DATA UNDER STUDY
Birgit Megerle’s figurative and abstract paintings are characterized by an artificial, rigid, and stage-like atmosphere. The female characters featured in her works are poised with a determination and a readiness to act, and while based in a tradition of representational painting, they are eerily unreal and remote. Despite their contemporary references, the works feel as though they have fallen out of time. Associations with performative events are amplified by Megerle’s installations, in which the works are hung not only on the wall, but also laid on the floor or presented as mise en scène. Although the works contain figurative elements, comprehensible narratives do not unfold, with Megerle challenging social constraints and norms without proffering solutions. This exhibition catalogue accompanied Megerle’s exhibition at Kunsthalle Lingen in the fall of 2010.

==

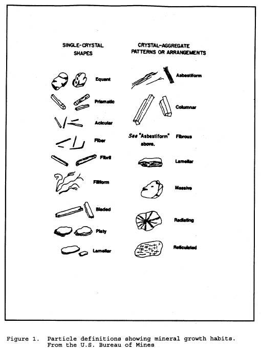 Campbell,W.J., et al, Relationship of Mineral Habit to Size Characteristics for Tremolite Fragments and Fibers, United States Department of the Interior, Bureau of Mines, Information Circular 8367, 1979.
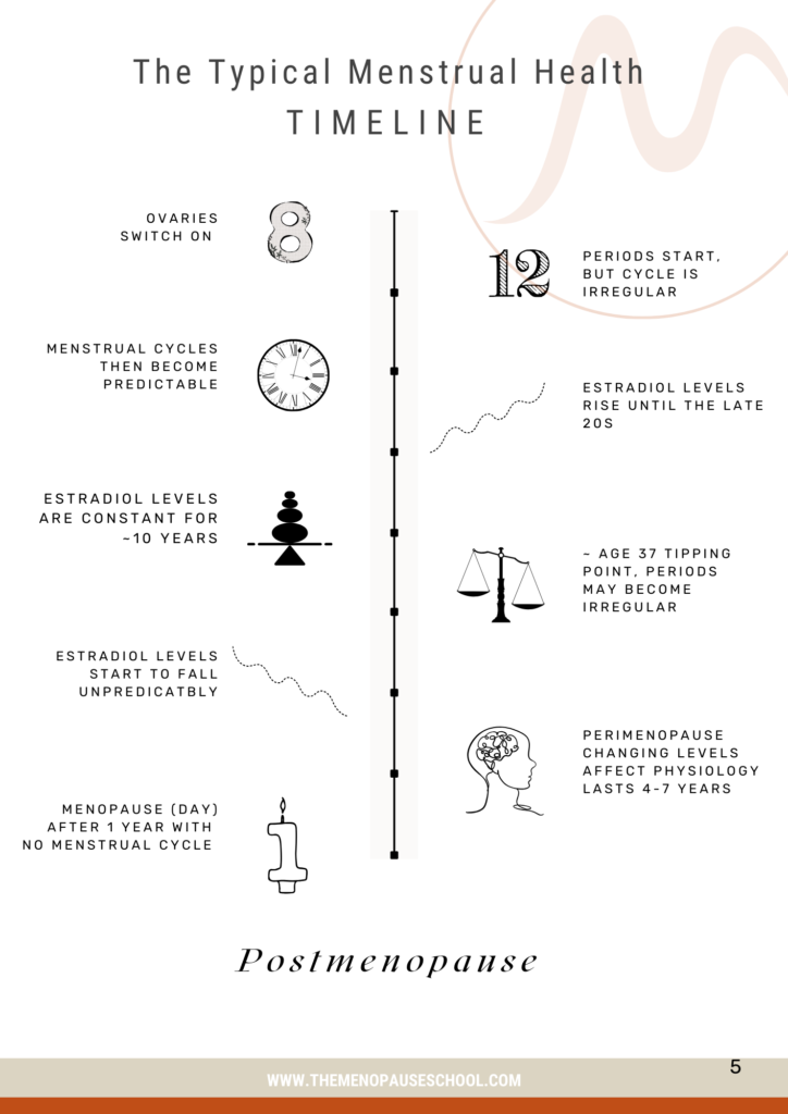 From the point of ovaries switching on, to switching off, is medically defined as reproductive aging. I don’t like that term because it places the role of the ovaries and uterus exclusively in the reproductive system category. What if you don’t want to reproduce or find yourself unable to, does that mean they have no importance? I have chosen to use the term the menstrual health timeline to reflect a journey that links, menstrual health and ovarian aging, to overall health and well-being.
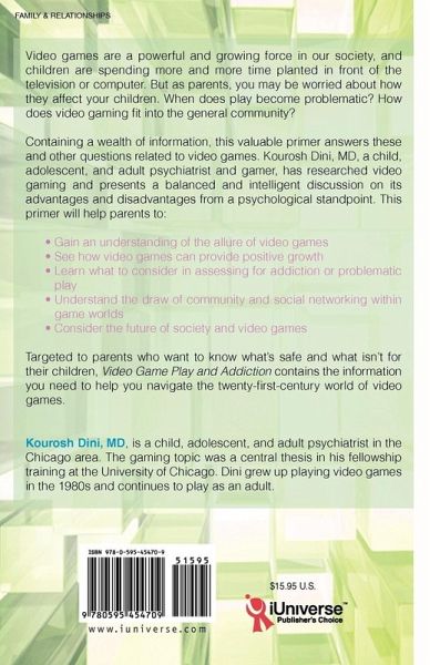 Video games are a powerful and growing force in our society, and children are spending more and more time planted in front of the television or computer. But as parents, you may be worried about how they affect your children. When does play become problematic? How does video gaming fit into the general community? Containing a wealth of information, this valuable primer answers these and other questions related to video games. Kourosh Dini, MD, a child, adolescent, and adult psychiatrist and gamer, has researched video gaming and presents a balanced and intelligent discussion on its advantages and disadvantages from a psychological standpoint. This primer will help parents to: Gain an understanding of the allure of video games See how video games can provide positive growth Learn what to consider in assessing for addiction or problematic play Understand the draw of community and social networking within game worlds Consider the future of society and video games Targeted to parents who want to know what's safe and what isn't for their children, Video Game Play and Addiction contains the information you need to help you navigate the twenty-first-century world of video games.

HOW TO COMPLETE THIS TASK
Leaving all pictures out, output exactly the lines of the material above from the line with "Campbell,W.J., et al, Relationship" to the line with "From the point", both included.

SOLUTION FOR THIS TASK
 Campbell,W.J., et al, Relationship of Mineral Habit to Size Characteristics for Tremolite Fragments and Fibers, United States Department of the Interior, Bureau of Mines, Information Circular 8367, 1979.
 From the point of ovaries switching on, to switching off, is medically defined as reproductive aging. I don’t like that term because it places the role of the ovaries and uterus exclusively in the reproductive system category. What if you don’t want to reproduce or find yourself unable to, does that mean they have no importance? I have chosen to use the term the menstrual health timeline to reflect a journey that links, menstrual health and ovarian aging, to overall health and well-being.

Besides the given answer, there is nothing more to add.